#### Raw data
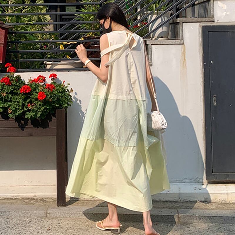レイヤード ノースリーブワンピース バイカラー ティアードワンピース ノーカラー フレア マキシ丈 カジュアル ノースリーブ a4300
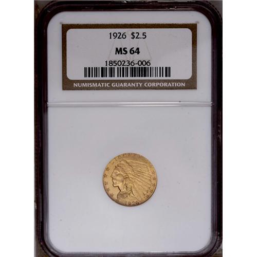 <B>1926<$2 1/2> MS64 NGC.</B></I> Soft luster radiates from the satiny straw-gold surfaces, and few abrasions are seen, even under a loupe, except for a single tick on the Indian's cheek and some minor, undistracting light marks in the reverse field.
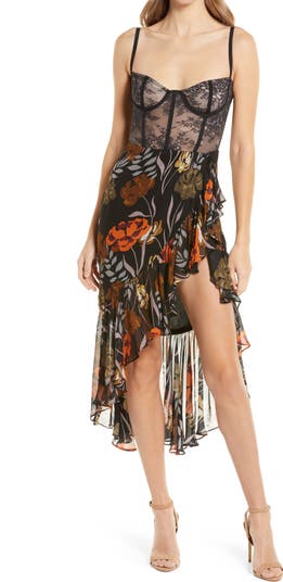 An enchanting cocktail dress showcases a bustier lace top and graceful layers of ruffles down its floral printed skirt for stylish texture.
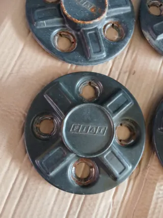 Set de 4 tapacubos para Fiat 133. Presentan el logo de Fiat en el centro. - Color negro. - Diseño con 5 agujeros. - Muestran signos de óxido en el centro.
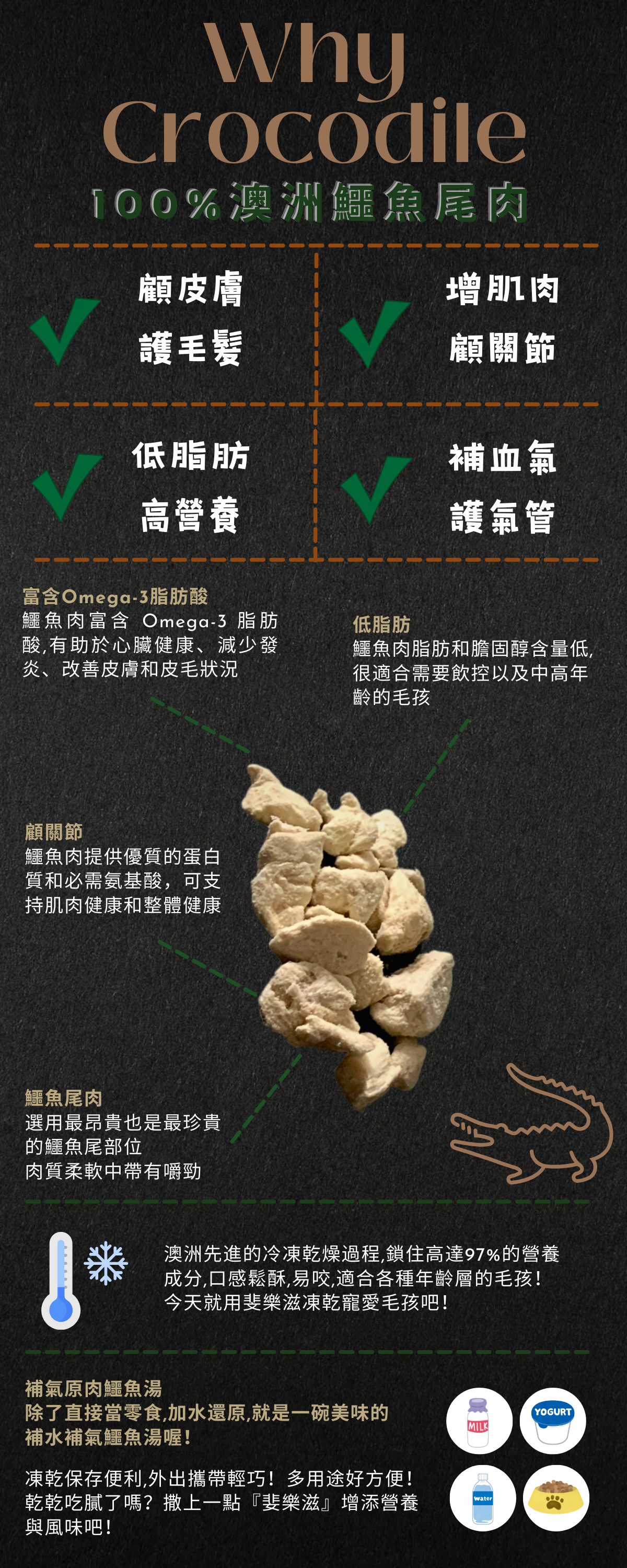低脂、低卡、高營養!犬貓都能享用的頂級鱷魚尾肉凍乾!

#### Problem description
Skip all pictures. Write out only the lines from the one containing "An enchanting cocktail" to the end of the listing above, inclusive, exactly as given.

#### Expected answer
 An enchanting cocktail dress showcases a bustier lace top and graceful layers of ruffles down its floral printed skirt for stylish texture.
 Set de 4 tapacubos para Fiat 133. Presentan el logo de Fiat en el centro. - Color negro. - Diseño con 5 agujeros. - Muestran signos de óxido en el centro.
低脂、低卡、高營養!犬貓都能享用的頂級鱷魚尾肉凍乾!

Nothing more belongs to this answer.